We all agree that the public cloud is more enterprise-ready than ever before, with more security controls and features. And, we agree that the cloud is the way of the future, with compelling agility and efficiency benefits. Done intelligently, you can even reduce costs (which is not automatic with the cloud!).
However, enterprises find that it takes significant effort to make the cloud work with their existing infrastructure. It’s challenging enough to manage on-premises data centers, let alone adding a new and different cloud environment. Savvy implementation of the cloud makes all the difference.
At Strata, I will cover five critical questions for enterprise big data projects in the cloud:
Why make the cloud an analytic platform? When it comes to data analytics, it’s important to architect and manage the cloud like a platform. This platform must be able to act as a pipeline that can process workloads and orchestrate data through its entire life-cycle – from raw “data lakes” to data marts. It’s a much better approach than tactical use of the cloud for random projects, which is inefficient and leads to new data silos. A platform enables consistency across projects, particularly for critical areas like security, governance and compliance.
How do you connect the cloud with the data flow you already have? Enterprises have decades of data infrastructure built-up on premises. Using the cloud for data processing adds agility, but requires careful design of data movement, migration and integration with your existing data flow.

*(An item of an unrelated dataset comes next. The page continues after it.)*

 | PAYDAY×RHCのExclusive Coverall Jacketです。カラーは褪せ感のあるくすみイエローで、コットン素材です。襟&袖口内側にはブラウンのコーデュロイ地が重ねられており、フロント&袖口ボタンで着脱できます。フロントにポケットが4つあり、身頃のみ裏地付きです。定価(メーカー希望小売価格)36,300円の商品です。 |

How can the cloud be managed reliably and predictably? The cloud is a different operating environment, which makes it particularly challenging for enterprises to manage it the same way they manage data centers. How do you provision infrastructure cost-effectively for each workload's SLA? How do you manage and monitor infrastructure, data and users?

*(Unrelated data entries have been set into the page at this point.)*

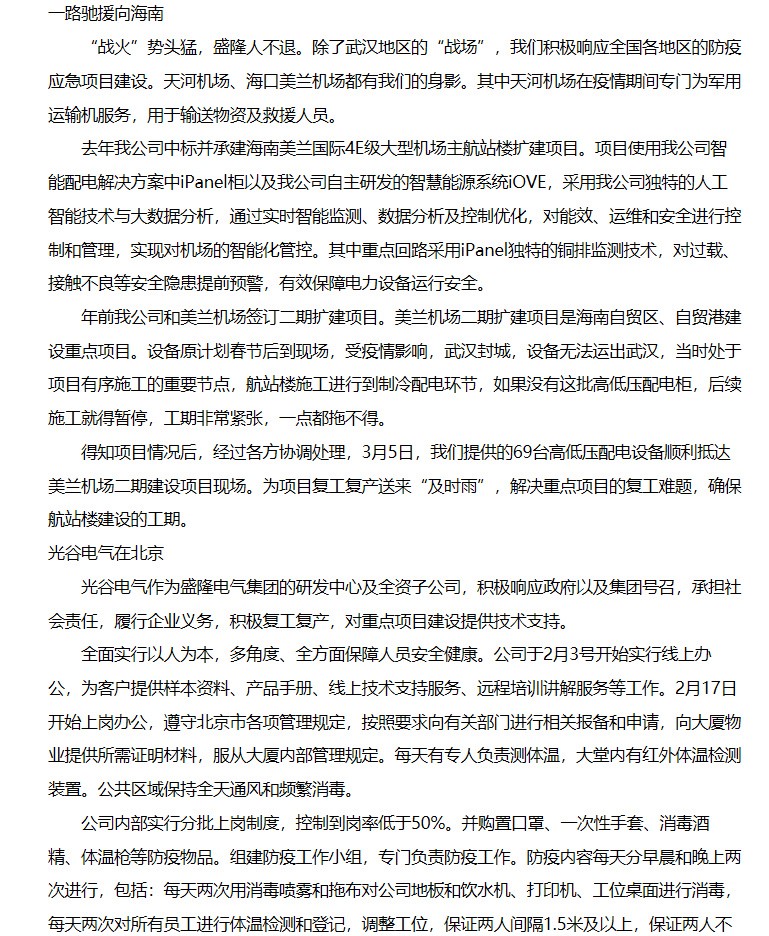 疫情期間,我公司科學合理安排復工復產,最大化恢復生產線,利用企業自身優勢,緊急支援火神山、雷神山等各項國家應急工程建設;并為海南美蘭國際機場項目運送關鍵的配電設備,解決項目復工難題,保證航站樓工期。---文章轉自中國戰略新興產業雜志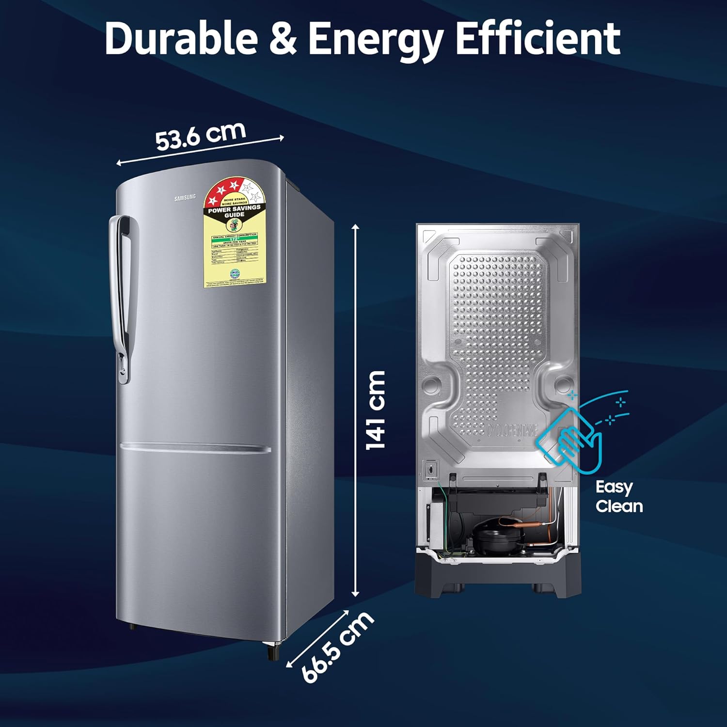 Samsung 223 L, 3 Star Inverter Direct-Cool Single Door Refrigerator (RR24C2723S8/NL, Silver, Elegant Inox)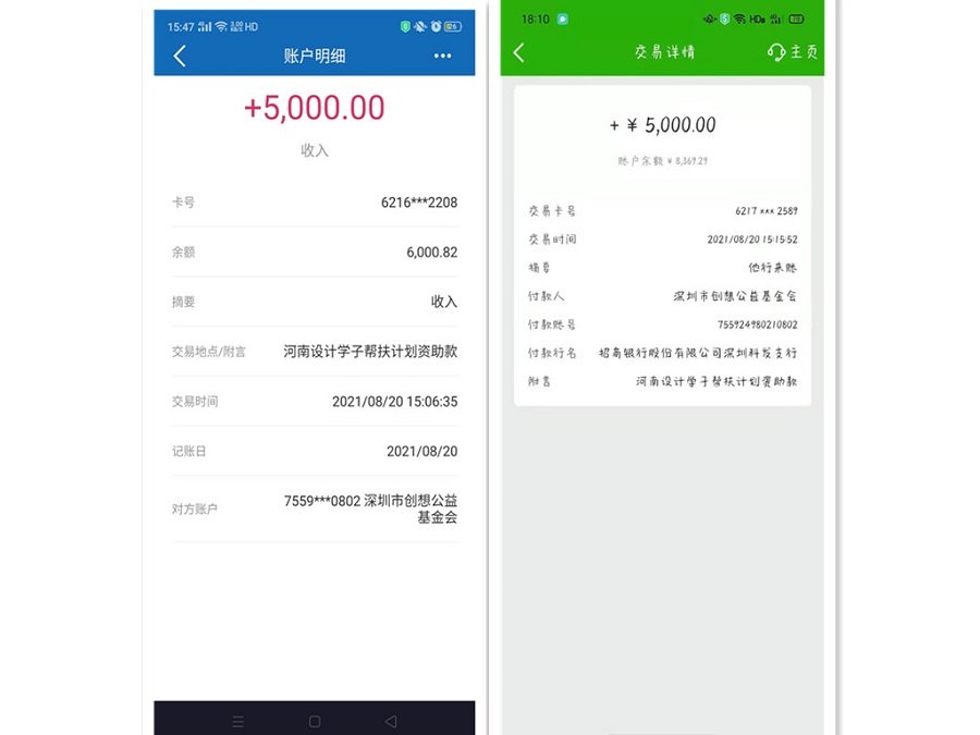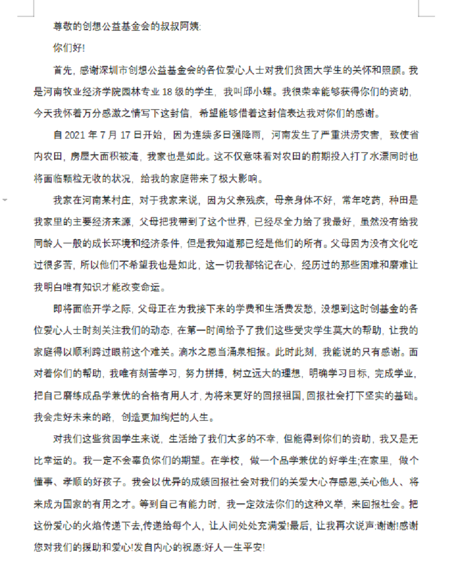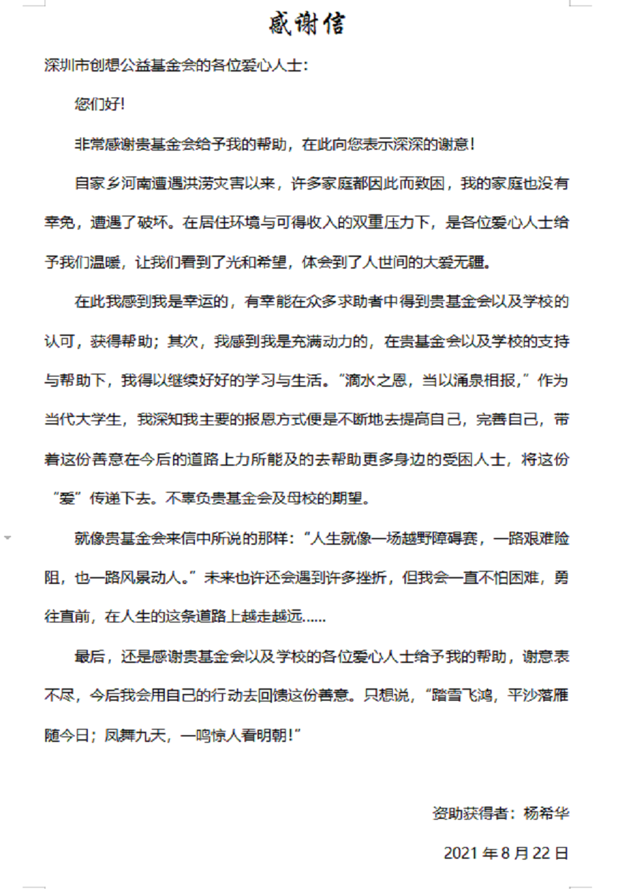 今年暑假,我省部分地区遭受严重的洪涝灾害,为了让受灾员工安心继续学业,best365足球官网和弘雅书院积极联系了深圳市创想公益基金会,发起了“河南设计学子帮扶计划”,努力联系受灾员工、配合基金会,为员工争取到最大的补助,帮助更多的同学度过眼前的难关。best365足球官网18园林01邱小蝶、19园林01杨希华两名同学获得了每人5000元的资助。

How should you securely lock down the cloud? This is obviously a big one, though the emphasis is often misplaced: Gartner estimates that through 2020, 95% of cloud security failures will be the fault of the customer – not the cloud provider. Let’s talk about how to avoid being part of that statistic! The key is enterprise-grade cloud security policies and tools.
How can you best govern the cloud and manage costs? If you are not careful, the cloud can quickly get out of control organizationally. It’s designed to be easy to spin up hundreds of clusters! So, how do you set up a cloud environment with the right controls and visibility? And how do you balance the agility of self-serve with the predictability of enterprise budgets?

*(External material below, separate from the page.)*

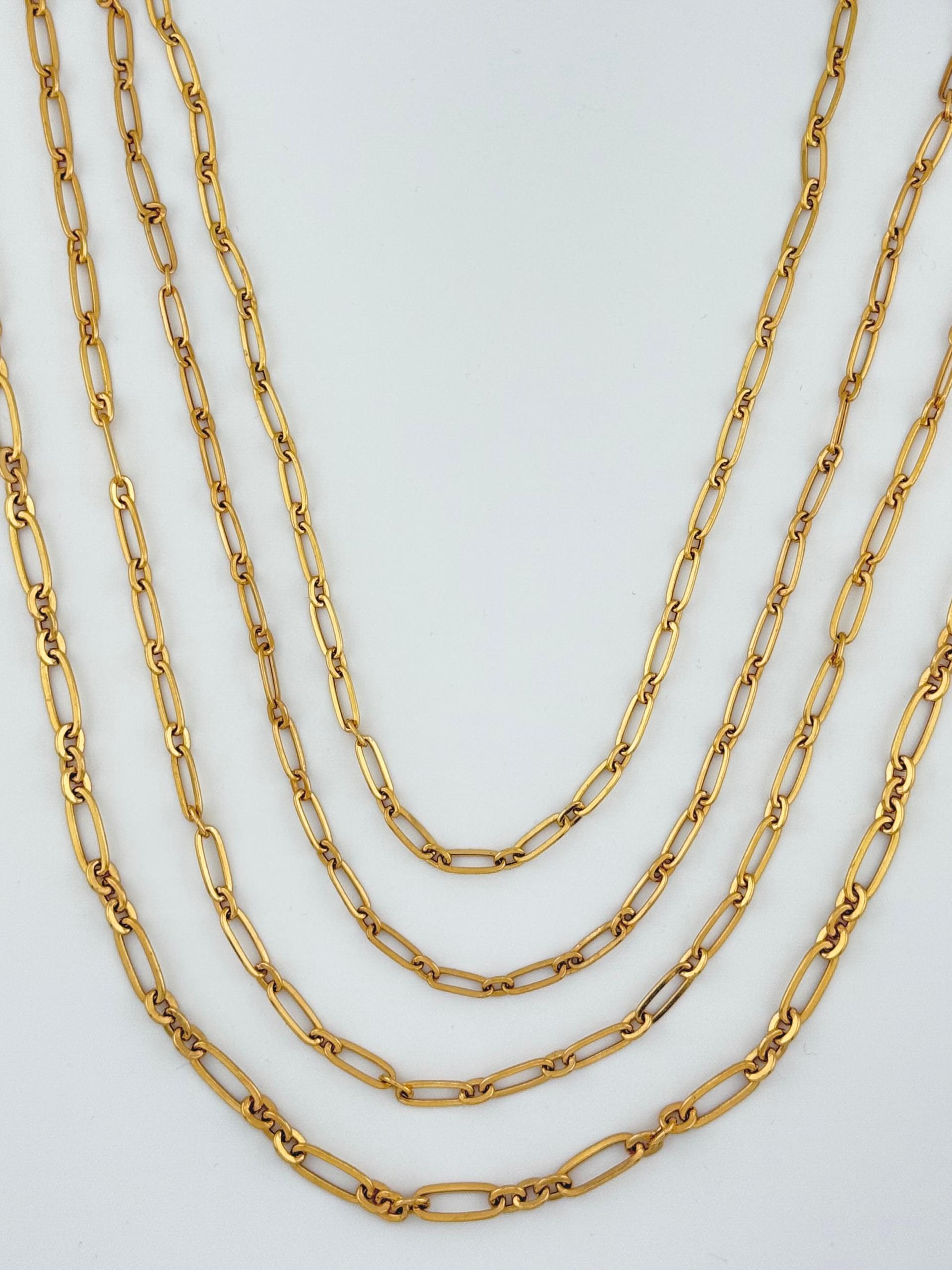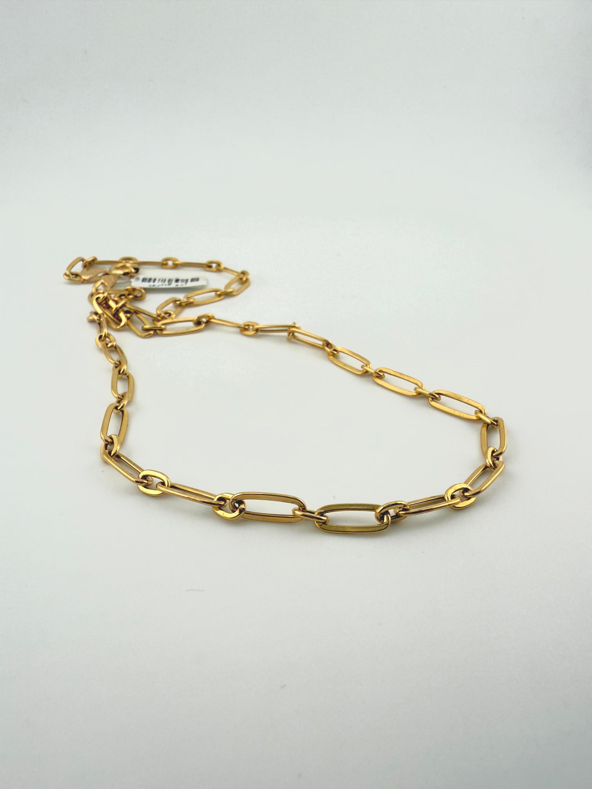 زنجیر طلای قلم دون هرمس با طراحی ظریف و حلقههای کشیدهی کلاسیک؛ مناسب برای استفادهی روزانه یا استایلهای رسمی. این مدل با درخششی یکنواخت و کیفیت ساخت بالا، جلوهای شیک و ماندگار به استایل شما میبخشد.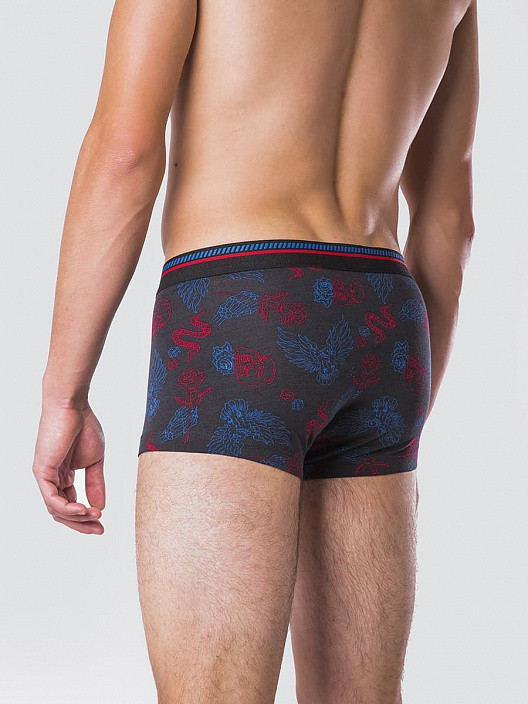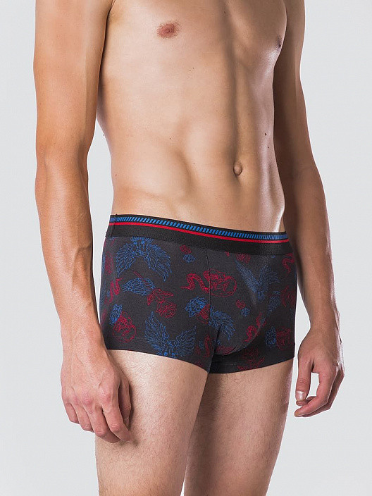 Трусы мужские из трикотажного полотна. Прилегающие. Без боковых швов с двумя передне-задними половинками. Планка и подкладка с вытачкой. Шаговый шов выполнен строчкой «флэт-лок». Швы притачивания планки выполнены на оверлоке с ширителем. По верхнему срезу настрочена фирменная жаккардовая эластичная тесьма. Боковые срезы тесьмы стачены строчкой флэт-лок. Нижние срезы трусов застрочены вподгиб.

Ultimately the most important metric to consider is “time to analytics” – the time between when an enterprise gets data to when the right stakeholder has access to that data for analysis. The cloud can make a significant impact, if implemented correctly. Our Strata discussion will focus on how you can improve your "time to analytics" with a production-ready cloud environment, where you can easily point your analytic jobs and tools to data. Yes, it's possible! I look forward to seeing you there.